Cameraman, I thank you, too. After considering what you said, I came out with this:
<?php
$search = $_POST["search"];
$con = mysql_connect("localhost","root","") or die('cant connect: '.mysql_error());
mysql_select_db("ctyi", $con);
$sql = "SELECT advertiser_name from Advertiser_Table WHERE advertiser_name LIKE '%$search%'";
$result = mysql_query($sql) or die('cant select: '.mysql_error());
while($row = mysql_fetch_assoc($result) )
{
echo $row['advertiser_name'];
}
?>
It manages to retrieve the data I want (the advertiser_name) but includes no else statement. If there are no matches between search query and advertiser_name, I want it to echo, "Sorry! No matches found." or something like that. How do I incorporate the else statement into this code?
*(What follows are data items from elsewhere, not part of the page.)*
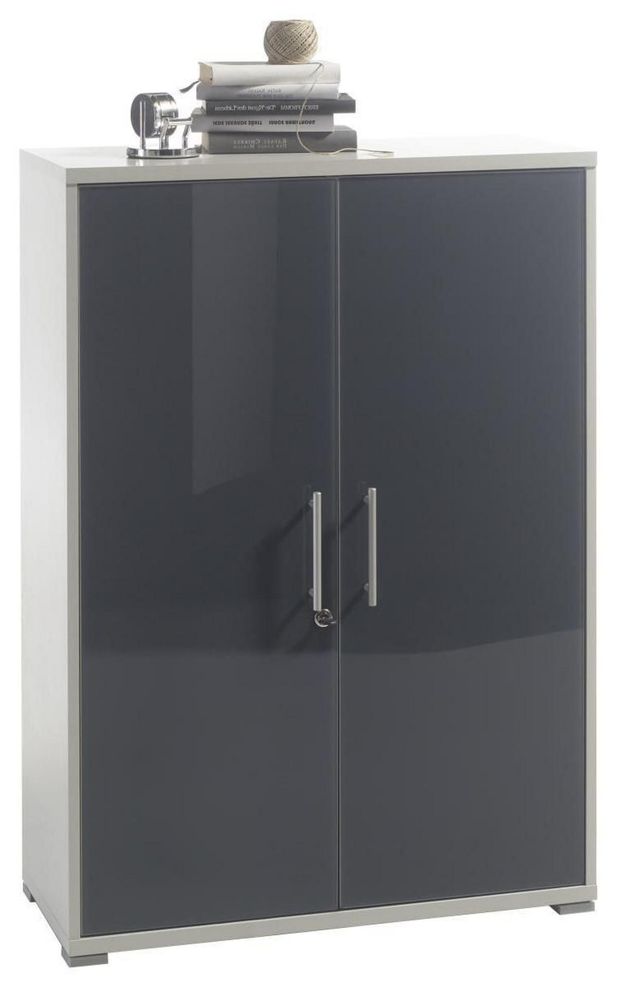 Dieser Aktenschrank (versperrbar) in Grau bereichert Ihr Büro in zweierlei Hinsicht. Denn das Möbel bietet nicht nur Stauraum, sondern sieht auch äußerst geschmackvoll aus. So begeistert das Design durch eine klare Formensprache sowie eine abgestimmte Farbstellung. Während der Korpus in einem hellen "Lichtgrau" gehalten ist, setzt die Glasfront in Graphitfarben einen dunklen Akzent. Für den letzten Schliff sorgen Stangengriffe in Silberfarben.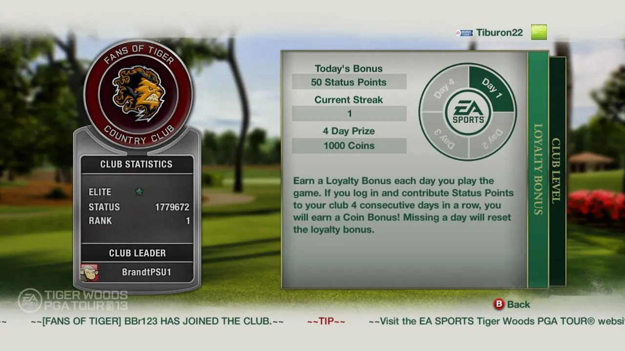 Tiger's new online Country Clubs combines community fun with your friends with the ever-popular merging of single- and multiplayer accomplishments. That's just the start of some of the game's new features.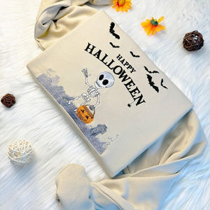 Embroidered Halloween Skeleton Sweatshirt, Pumpkin Lantern, Unisex

Any help will be appreciated.
<?php
$search = $_POST["search"];
$con = mysql_connect("localhost","root","") or die('cant connect: '.mysql_error());
mysql_select_db("ctyi", $con);
$sql = "SELECT advertiser_name from Advertiser_Table WHERE advertiser_name LIKE '%$search%'";
$result = mysql_query($sql) or die('cant select: '.mysql_error());
if(mysql_num_rows($result)) {
while($row = mysql_fetch_assoc($result) )
{
echo $row['advertiser_name'];
}
} // EndIf show match(es)
else {
echo "Sorry! No matches found";
} // EndElse no matches
?>
mysql_num_rows() tells you the number of matches, so you can use that in an if statement:
$result = mysql_query($sql) or die('cant select: '.mysql_error());
if(mysql_num_rows($result))
{
while($row = mysql_fetch_assoc($result) )
{
echo $row['advertiser_name'];
}
}
else
{
echo "Sorry! No Matches Found.";
}
And thank you, MattAU, for the explanation!